Le sort des orques Wikie et Keijo, captives au Marineland d'Antibes, suscite une vive émotion. Plusieurs associations de protection animale, dont Sea Shepherd et One Voice, lancent un appel urgent pour leur transfert vers un sanctuaire marin en Méditerranée. Selon les défenseurs des animaux, les deux cétacés souffrent de conditions de captivité indignes, dans un bassin trop petit et dépourvu de stimulation naturelle.
Des conditions de vie déplorables
Wikie, 22 ans, et Keijo, 15 ans, sont nés en captivité et n'ont jamais connu la liberté. Leur bassin, d'une capacité de 10 millions de litres, est jugé insuffisant pour des animaux pouvant parcourir des centaines de kilomètres par jour dans la nature. Les associations soulignent que les orques en captivité développent des problèmes de santé, notamment des déformations dorsales et des troubles comportementaux. « Ces animaux sont privés de tout ce qui fait leur essence : l'espace, la vie en groupe, la chasse », dénonce Lamya Essemlali, présidente de Sea Shepherd France.
Un sanctuaire en projet
Un projet de sanctuaire marin, porté par la Fondation Brigitte Bardot et d'autres organisations, vise à accueillir les orques dans une zone protégée au large de la Corse ou de la Sardaigne. Ce sanctuaire offrirait un espace de 50 hectares, avec des eaux profondes et des conditions proches de la vie sauvage. Le coût estimé du projet est de 15 millions d'euros, financé par des dons et des fonds publics. Cependant, le transfert nécessite l'autorisation du ministère de la Transition écologique, qui n'a pas encore statué.
Un précédent encourageant
En 2023, deux dauphins du Marineland ont été relâchés avec succès dans un sanctuaire au large de la Grèce, démontrant la faisabilité de telles opérations.

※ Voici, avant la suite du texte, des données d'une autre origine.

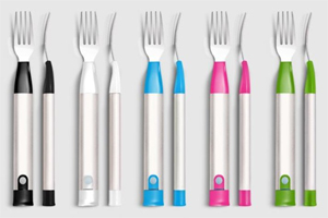 # The Fork That is Your Mom: The most ridiculous tech tool would the ‘Hapifork’. This device monitors how much you eat and what you eat, with the food habits being tracked by a Smartphone. The fork warns you by vibrating and lighting up to eat slowly if you eat too much. It has two lights at the bottom, the small bar indicates the charge and there is a circular one for the indications of your eating habits. This circular light turns red and vibrates if you are eating fast and turns green when you eat at a good speed.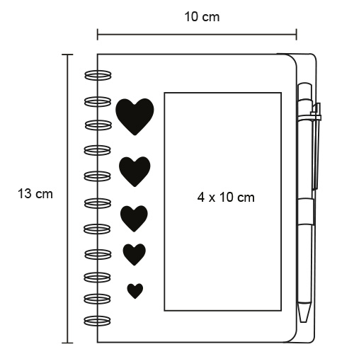 Libreta de cartón con figuras de corazón; espiral; 70 hojas rayadas y bolígrafo.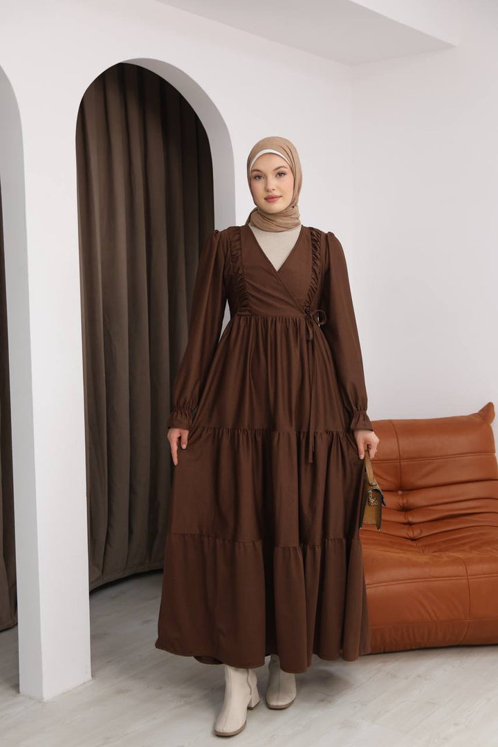 فستان بقصّة لفّ من الاعلى تضيف توازن وانسيابية للجسم، مع كسرات خفيفة على الأكمام وتفاصيل تجمع بين الكلاسيكية والعصرية.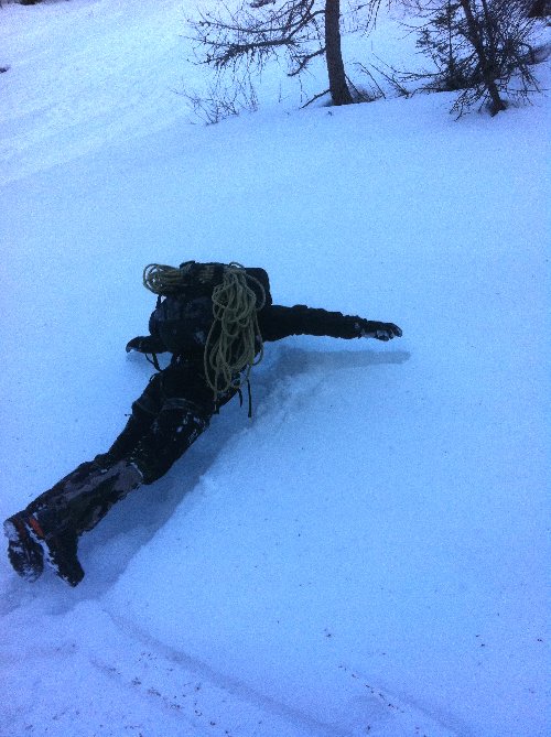 A la redescente vers la station, nous avons la surprise de voir que notre sentier de la veille a été « gommé ». Une petite avalanche ayant eu la bonne idée d’ensevelir une dizaine de mètre de la piste. Peu rassurant, mais notre guide nous emmène dans une combe encore plus exposée, parce que selon, elle est « vachement mieux pour faire du toboggan »… ah.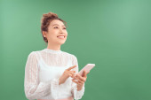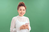 Szczęśliwa młoda Azjatka za pomocą smartfona, stojąc nad zielonym tle.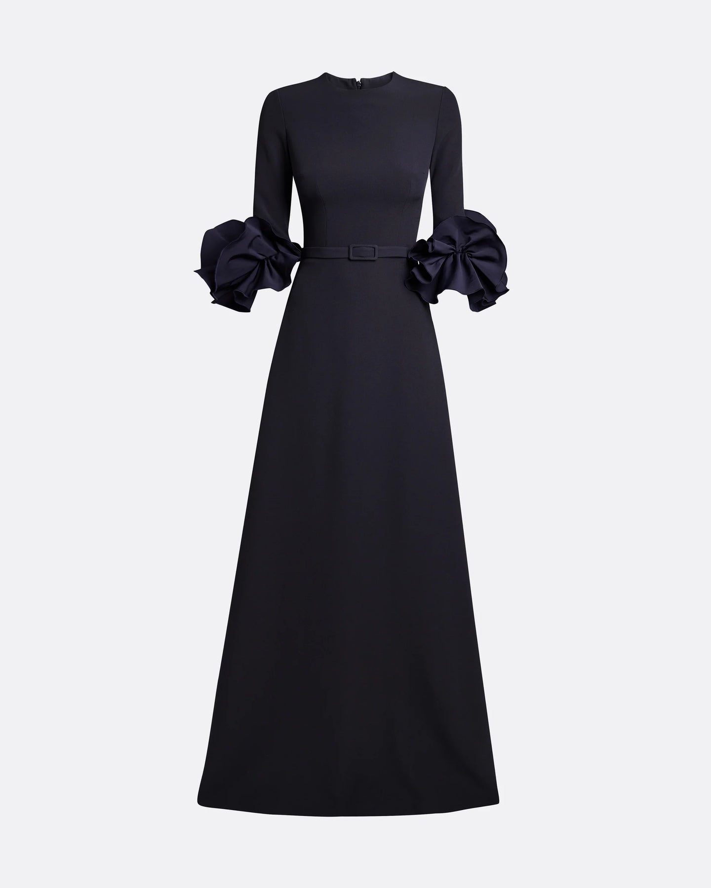 هذا الفستان الأسود الأنيق ذو التصميم الفني على شكل حرف A يتميز بخصر أنيق مزود بحزام وأساور زهرية منحوتة جريئة تتفتح من الأكمام متوسطة الطول. مزيج مثالي بين البساطة والأناقة الراقية.
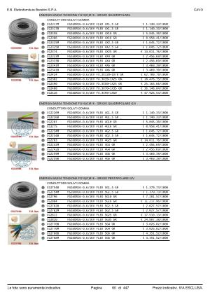 ENERGIA BASSA TENSIONE FG16 ( O ) R16 - GRIGIO QUADRIPOLARE IDXG0N0H0H0 CONDUTTORI ISOLATI GOMMA CG2317M FG16OR16-0,6 / 1KV FLEX 4X1,5 GR € 1.140,33 / 1000 CG2317B FG16OR16-0,6 / 1KV FLEX 4X1,5 GR _ € 1.140,33 / 1000 CG2358 FG16OR16-0,6 / 1KV FLEX 4X10 GR _ € 5.845,30 / 1000 CG2366 FG16OR16-0,6 / 1KV FLEX 4X16 GR _ € 8.958,41 / 1000 CG2325M FG16OR16-0,6 / 1KV FLEX 4X2,5 GR € 1.645,72 / 1000 CG2325B FG16OR16-0,6 / 1KV FLEX 4X2,5 GR _ € 1.645,72 / 1000 CG2374 FG16OR16-0,6 / 1KV FLEX 4X25 GR _ € 14.011,76 / 1000 CG2333M FG16OR16-0,6 / 1KV FLEX 4X4 GR € 2.456,69 / 1000 CG2333B FG16OR16-0,6 / 1KV FLEX 4X4 GR _ € 2.456,69 / 1000 CG2341M FG16OR16-0,6 / 1KV FLEX 4X6 GR € 3.469,39 / 1000 CG2341B FG16OR16-0,6 / 1KV FLEX 4X6 GR _ € 3.469,39 / 1000 CG2424 FG16OR16-0,6 / 1KV FX . 3X120 + 1X70 GR € 62.709,79 / 1000 CG2382 FG16OR16-0,6 / 1KV FX . 3X35 + 1X25 GR . € 18.476,75 / 1000 CG2390 FG16OR16-0,6 / 1KV FX . 3X50 + 1X25 GR € 25.163,66 / 1000 CG2408 FG16OR16-0,6 / 1KV FX . 3X70 + 1X35 GR € 36.148,04 / 1000 CG2416 FG16OR16-0,6 / 1KV FX . 3X95 + 1X50 _ € 47.926,53 / 1000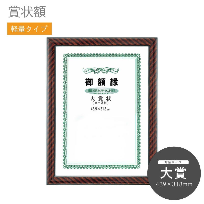 額縁の移動、設置などが容易に行え非常に使い勝手の良い額縁となっています。昔からある定番のデザイン。濃い目の茶色に独特の縞模様が入っているのが特徴です。表彰状、許可証などを飾るのにオススメ。なおサイズに関しましては賞状独自のサイズなどもあり注意が必要です。お手持ちの賞状のサイズをきちんとお測りの上、お買い求めください。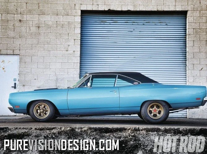 In 3 ½ weeks this Plymouth went from stray dog to late sixties Saturday Night Special! For the cool factor, it’s pretty hard to beat a 1969 Road Runner with a 440, a 4-speed and a Dana 60! But add a wicked drag race stance along with the “bigs and littles” and DANG! -that looks sweet!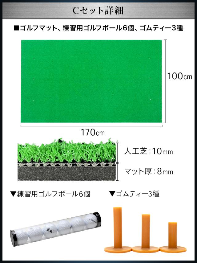 ゴルフマット 大型 100×170cm ゴルフティー ゴルフボール Cセット ゴルフ 練習 マット ドライバー 素振り スイング パター 練習器具 室内 屋外 人工芝 SBR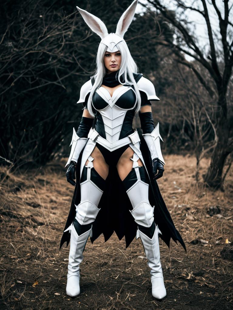 Layla moonknight costume, 1girl, solo, long hair, armor, red eyes, helmet, white hair, breasts, animal ears, viera, boots, full body, rabbit ears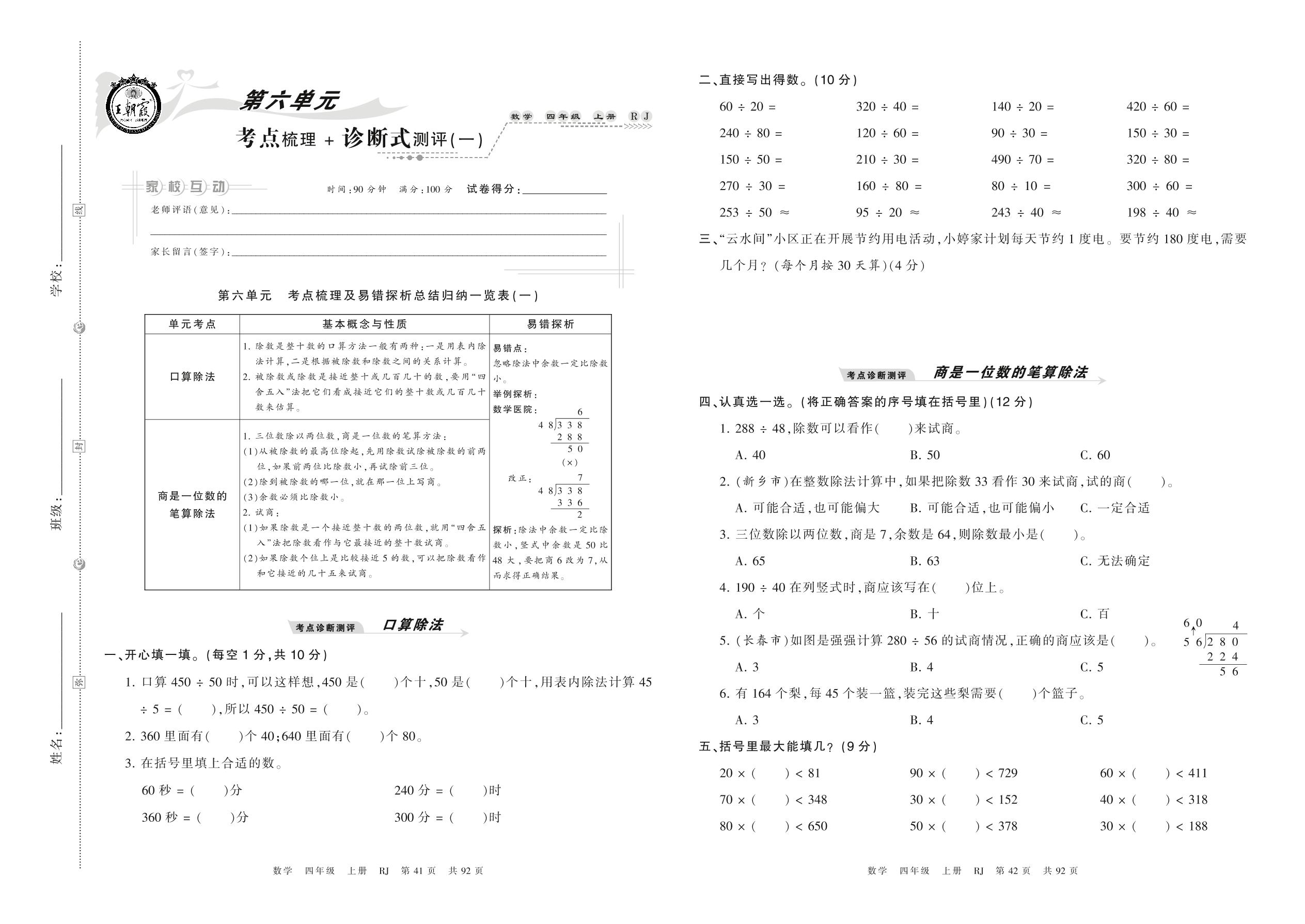 四年级数学人教版上册单元卷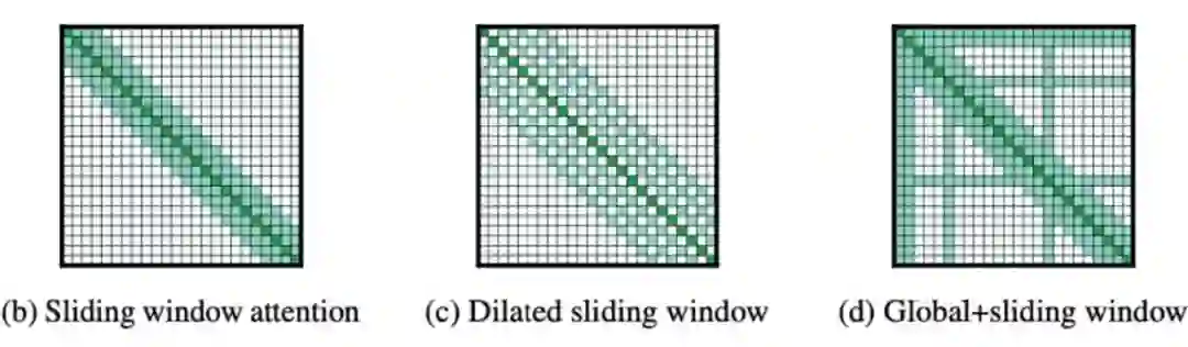 Longformer 设计了三种 Attention 模式,分为 Sliding Window、Dilated Sliding Window 和 Global Attention: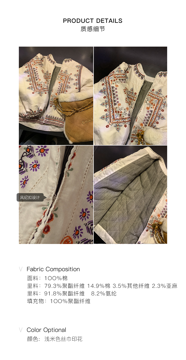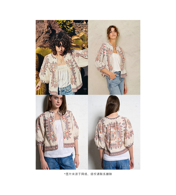 Thevever Zhang Dayi 100% Cotton Heavy Embroidery Puff Sleeve Soft Vintage Ethnic Style Embroidered Cotton Jacket
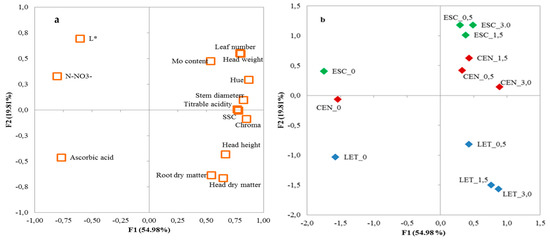 Plot of (a) loadings (agronomic and quality parameters of lettuce, escarole, and curly endive plants at harvest) and (b) scores (trials) formed by the first two principal components from the PCA analysis. LET_0, LET_0.5, LET_1.5, and LET_3.0: lettuce cultivated in nutrient solutions with 0, 0.5, 1.5, and 3.0 µmol L−1 Mo, respectively; ESC_0, ESC_0.5, ESC_1.5, and ESC_3.0: escarole cultivated in nutrient solutions with 0, 0.5, 1.5, and 3.0 µmol L−1 Mo, respectively; CEN_0, CEN_0.5, CEN_1.5, and CEN_3.0: curly endive cultivated in nutrient solutions with 0, 0.5, 1.5, and 3.0 µmol L−1 Mo, respectively.

Les associations espèrent que cette expérience servira de modèle pour Wikie et Keijo. « Nous avons prouvé que les cétacés peuvent s'adapter à un environnement semi-naturel, même après des années de captivité », affirme Muriel Arnal, présidente de One Voice.
L'opposition du Marineland
Le Marineland d'Antibes, qui détient les orques, refuse catégoriquement leur transfert. La direction argue que les animaux sont en bonne santé et que le parc respecte les normes en vigueur. « Nos orques sont suivies par des vétérinaires et bénéficient de soins de qualité », déclare un porte-parole. Mais les associations dénoncent un conflit d'intérêts : le parc continue de programmer des spectacles avec les animaux, générant des revenus importants. Selon les chiffres de 2022, Marineland a accueilli 1,2 million de visiteurs, avec un chiffre d'affaires de 60 millions d'euros.
Un enjeu éthique et juridique
Au-delà du bien-être animal, cette affaire soulève des questions juridiques. La loi française de 2021 contre la maltraitance animale interdit la détention de cétacés dans des bassins, mais une dérogation existe pour les parcs existants. Les associations demandent l'application stricte de la loi et le classement des orques comme « espèces protégées », ce qui faciliterait leur transfert. Une pétition en ligne a déjà recueilli plus de 300 000 signatures.
Un appel à la mobilisation
Les associations appellent le gouvernement à prendre ses responsabilités. « Il est temps de mettre fin à cette souffrance. Wikie et Keijo méritent une retraite digne dans un sanctuaire », insiste Lamya Essemlali. Une manifestation est prévue le 15 juillet devant le ministère de la Transition écologique à Paris. Les défenseurs des animaux espèrent que la pression citoyenne forcera une décision favorable.